'Everything's Gonna Be Okay': The First Great TV Show of 2020

Freeform, the network formerly known as ABC Family, which was the network formerly known as Fox Family (for those of you born before 2000), has gradually rebranded itself as an aspirational (and more importantly, inclusive) entertainment entity for Gen Z ever since coming out in 2016 with a whole new look and name. Back then, it was announced that it would establish a focus on "becomers," a group ABC Family President Tom Ascheim had tried to describe by explaining, "The most important question that young people ask themselves as they're going from high school to their thirties is, 'Who am I becoming?' So we call the life stage 'becoming' and the people going through it Becomers."

And therein lies Everything's Gonna Be Okay, which effortlessly slides into those network brand pillars by centering on a group of very likable and relatable "Becomers." EGBOK is a tender, funny, and unapologetically awkward comedy, the likes of which you would get if Pen15Please Like Me (one of the best shows of the 2010s), and Catastrophe were to hook up in a throuple.

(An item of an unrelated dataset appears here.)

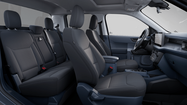 Black Appearance Package (Black Grille, Black Interior Accents, Black Painted Mirrors, Front & Back Black Edition Ford Logo, Unique Cloth Front Bucket Seats w/Black Appearance, and Wheels: 19 Black Painted Aluminum), Equipment Group 302A, XLT Luxury Package (400W Inverter w/USB Console Rear, Heated Mirror w/Painted Black Skull Caps, Heated Seats, LED Box Lighting, Remote Start System, and Soft Vinyl Wrapped Heated Steering Wheel), 2.91 Axle Ratio, 4-Wheel Disc Brakes, 6 Speakers, ABS brakes, Air Conditioning, Alloy wheels, AM/FM radio: SiriusXM with 360L, Apple CarPlay/Android Auto, Auto High Beams, Auto High-beam Headlights, Automatic temperature control, Brake assist, Bumpers: body-color, Compass, Delay-off headlights, Driver door bin, Driver vanity mirror, Dual front impact airbags, Dual front side impact airbags, Electronic Stability Control, Emergency communication system: SYNC 4 911 Assist, Exterior Parking Camera Rear, Four wheel independent suspension, Front & Rear Floor Liners w/o Carpet Mats, Front anti-roll bar, Front Bucket Seats, Front Center Armrest, Front reading lights, Fully automatic headlights, Illuminated entry, Internet access capable: FordPass Connect 5G, Knee airbag, Low tire pressure warning, Occupant sensing airbag, Outside temperature display, Overhead airbag, Overhead console, Panic alarm, Passenger door bin, Passenger vanity mirror, Power door mirrors, Power Moonroof, Power steering, Power windows, Pre-Collision Assist w/Automatic Emergency Braking, Radio data system, Radio: AM/FM Stereo w/6 Speakers, Rear anti-roll bar, Rear seat center armrest, Rear step bumper, Rear-View Camera, Remote keyless entry, Security system, SiriusXM w/360L, Speed control, Speed-sensing steering, Steering wheel mounted audio controls, SYNC 4 w/Enhanced Voice Recognition, Telescoping steering wheel, Tilt steering wheel, Traction control, Trip computer, Unique Cloth Front Bucket Seats, and Wheels: 17 Carbonized Gray Painted Aluminum.

Maybe that's because it's from executive producers of the latter two critically-acclaimed shows.

In fact, EGBOK fills in nicely as a thematic/spiritual sequel to Please Like Me, also created by star Josh Thomas. Here he plays Nicholas, an impish twentysomething from Australia whose visit to his biological American widower dad ends on a somber note: Dad has cancer and doesn't have long to live, and Nicholas ends up becoming the legal guardian of his two teenage half-sisters, autistic Matilda (Kayla Cromer), who's eager to start college and find romance with a kind jock, and awkward Genevieve (Maeve Press), a 14-year-old who's adjusting to the nerve-wracking politics of high school. And to make things even more confusing, Nicholas has just started a relationship with a cute and very understanding guy named Alex (Adam Faison, last seen in Hulu's slasher flick Midnight Kiss).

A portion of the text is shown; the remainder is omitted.